I know this post makes me sound like a total n00b, but I can assure you I'm not... just quite nervous as previously stated, want to make sure I get everything right... Been an ambition to get a GBB for AGES now and don't want to mess up! :blush:

Thank you all in advance!

Emma


----------



## MrFerretman6 (Sep 1, 2011)

They like a lot of branches, twigs, things like that. They don't need a hide so don't bother with one. Tall, thin, stiff plastic plants are good too. The idea is to get a lot of high anchor points for them to web on, and they will will web a lot. Tank size for a 5cm juvi: they grow pretty quick so try and find something bigger than 6"x6"x8". With regards to humidity, bone dry substrate, provide a small water bowl but they will not use it, don't spray either.


----------



## Poxicator (Nov 14, 2007)

The only species of this genus and yet it’s one of the most beautiful tarantula available.
Upto about 2" you need to supply a light spray or water bowl but once they reach that size they're far better suited to a completely dry enclosure. Don't worry about humidity unless you are breeding these.
Semi arboreal so provide plenty of arboreal furnishings for them to anchor their web onto. They are inquisitive but will repeatedly strike if provoked.
If you have a juvenile I'd suggest getting a 12x12x12" enclosure as they are great hunters and voracious eaters. They'll gradually web it out until it looks like this:


----------



## Embo (Jun 7, 2012)

Poxicator said:


> The only species of this genus and yet it’s one of the most beautiful tarantula available.
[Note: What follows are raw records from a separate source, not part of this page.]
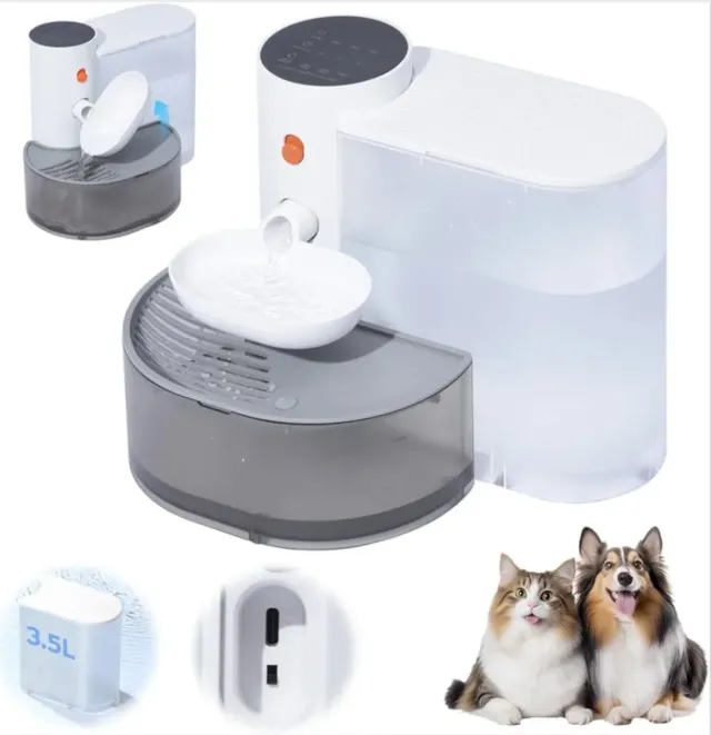Auveach Water Fountain for Cats Dogs 3.5L, Wireless with 3 Levels of Time Interval and Volume, Water Dispenser for Cats Automatic Drainage, No Filters, Ultra Quiet
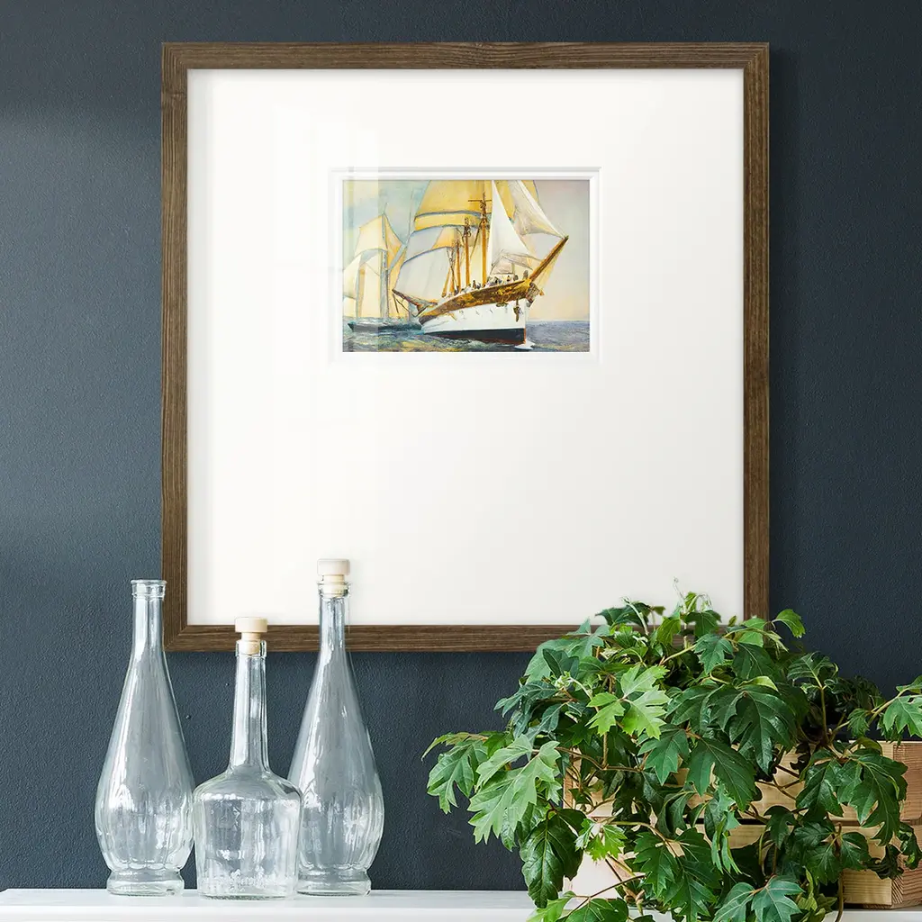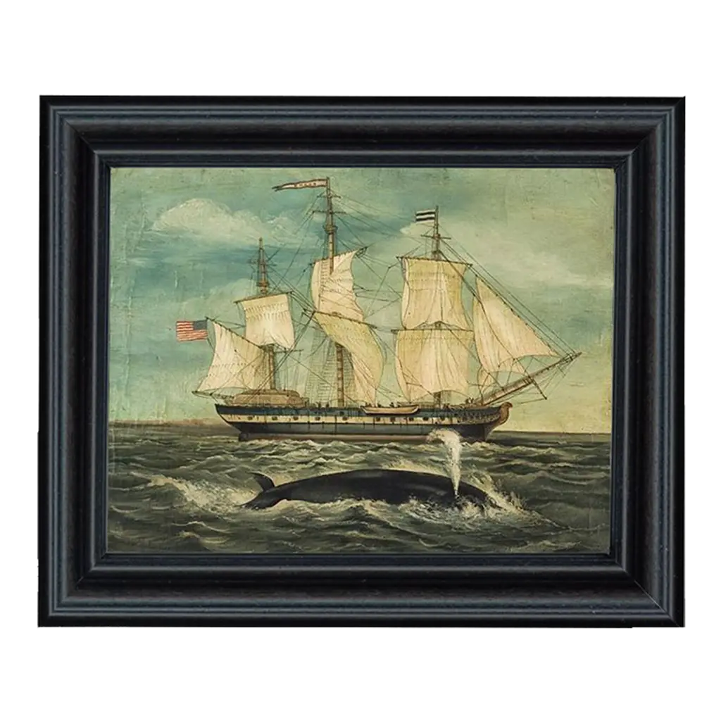 Whaling Ship With Whale Print Behind Glass In Black Wood Frame
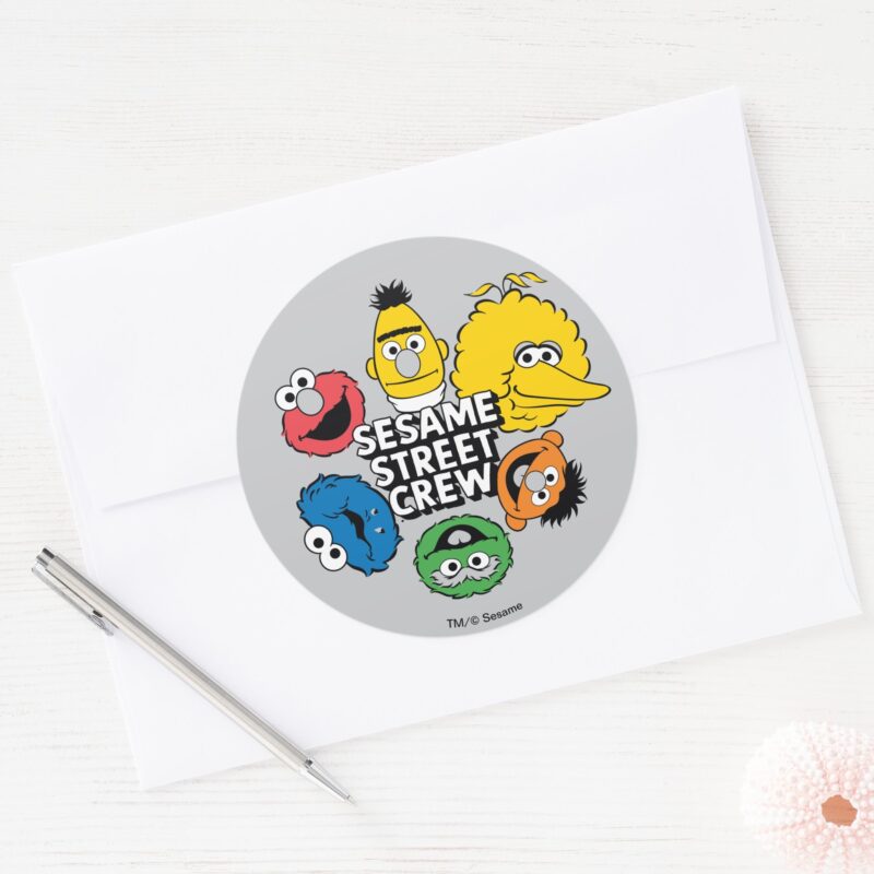 Sesame Street Crew Classic Round Sticker vinyl sticker, waterproof durable collectible sticker for laptop, phone, bottle, bike, notebook, helmet, and accessories.

Totally agree! I've been in love with them since I first saw a picture when perusing for my first T... been desperate for one ever since, but managed to hold off getting one knowing that they are totally differnt from Brachys.

Thanks for the advice so far - I did a google search on setups but it didn't come back with many relevant hits. Always an RFUKer with a helpful hint


----------



## pcharlton (Mar 23, 2012)

i got a adult 90% female yestoday they are brill realy peacefull good luck with yours


----------



## MrFerretman6 (Sep 1, 2011)

pcharlton said:


> i got a adult 90% female yestoday they are brill realy peacefull good luck with yours


Not as large slings/juvis they are not. Skittish head case springs to mind.:crazy:


----------



## Embo (Jun 7, 2012)

MrFerretman6 said:


> Not as large slings/juvis they are not. Skittish head case springs to mind.:crazy:


yes, I'm looking forward to transferring it from tub to tank... :whistling2:


----------



## MrFerretman6 (Sep 1, 2011)

Embo said:


> yes, I'm looking forward to transferring it from tub to tank... :whistling2:


They are so funny at that size, they're not quite sure which direction to go in so kind of go in all directions. It won't cause you to much trouble though.


----------



## pcharlton (Mar 23, 2012)

MrFerretman6 said:


> Not as large slings/juvis they are not. Skittish head case springs to mind.:crazy:


only got it yestoday its around the 5in mark might get mean lol


----------



## Lu Lizard (Jul 24, 2011)

I've had mine about a year now.
I upgraded her to an exo terra nano about 6 months ago. This size tank has been ideal and although she continues to grow at such a fast rate, I know that it will last.
Would really recommened the nano for this species as has sufficient height for anchoring webbing (and a bargain at my pet shop at £24)










Hope the link works.
She has built an amazing web - from front on it looks just like a hammock, but when you look into it, it is actually a cool funnel that goes a long way down.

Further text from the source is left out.